* _INSTRUCTIONS TO FOLLOW_: No pictures belong in the copy. Retype exactly, and only, the stretch of lines below from the one with "PI (Kombinasi 80%" through the one with "Козак Ірина, 13".

* _DATA_:
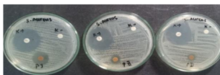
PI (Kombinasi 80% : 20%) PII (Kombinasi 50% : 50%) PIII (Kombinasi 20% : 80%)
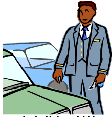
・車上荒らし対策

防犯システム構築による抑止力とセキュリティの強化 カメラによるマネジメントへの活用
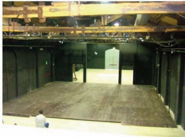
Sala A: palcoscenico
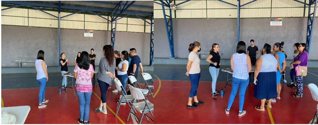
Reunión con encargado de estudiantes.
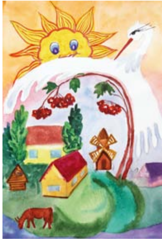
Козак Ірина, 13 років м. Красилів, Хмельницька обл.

...

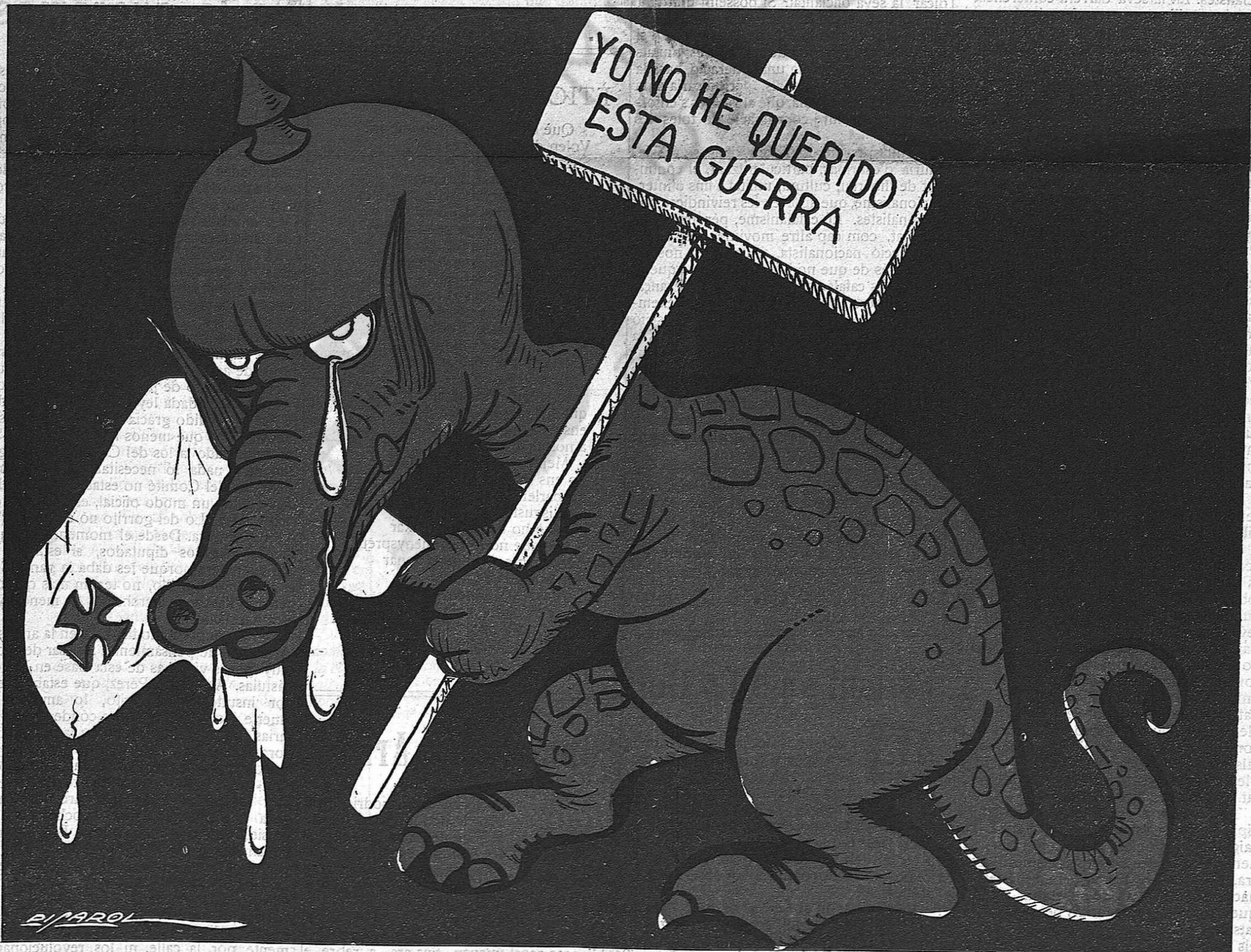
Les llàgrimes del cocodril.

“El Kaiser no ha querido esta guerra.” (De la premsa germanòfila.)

* * *

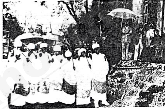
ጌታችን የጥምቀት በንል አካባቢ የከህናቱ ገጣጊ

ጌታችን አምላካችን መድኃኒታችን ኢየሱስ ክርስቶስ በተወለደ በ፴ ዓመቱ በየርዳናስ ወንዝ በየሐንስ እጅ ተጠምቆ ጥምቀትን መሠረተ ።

* _FINAL ANSWER_:
PI (Kombinasi 80% : 20%) PII (Kombinasi 50% : 50%) PIII (Kombinasi 20% : 80%)
・車上荒らし対策

防犯システム構築による抑止力とセキュリティの強化 カメラによるマネジメントへの活用
Sala A: palcoscenico
Reunión con encargado de estudiantes.
Козак Ірина, 13 років м. Красилів, Хмельницька обл.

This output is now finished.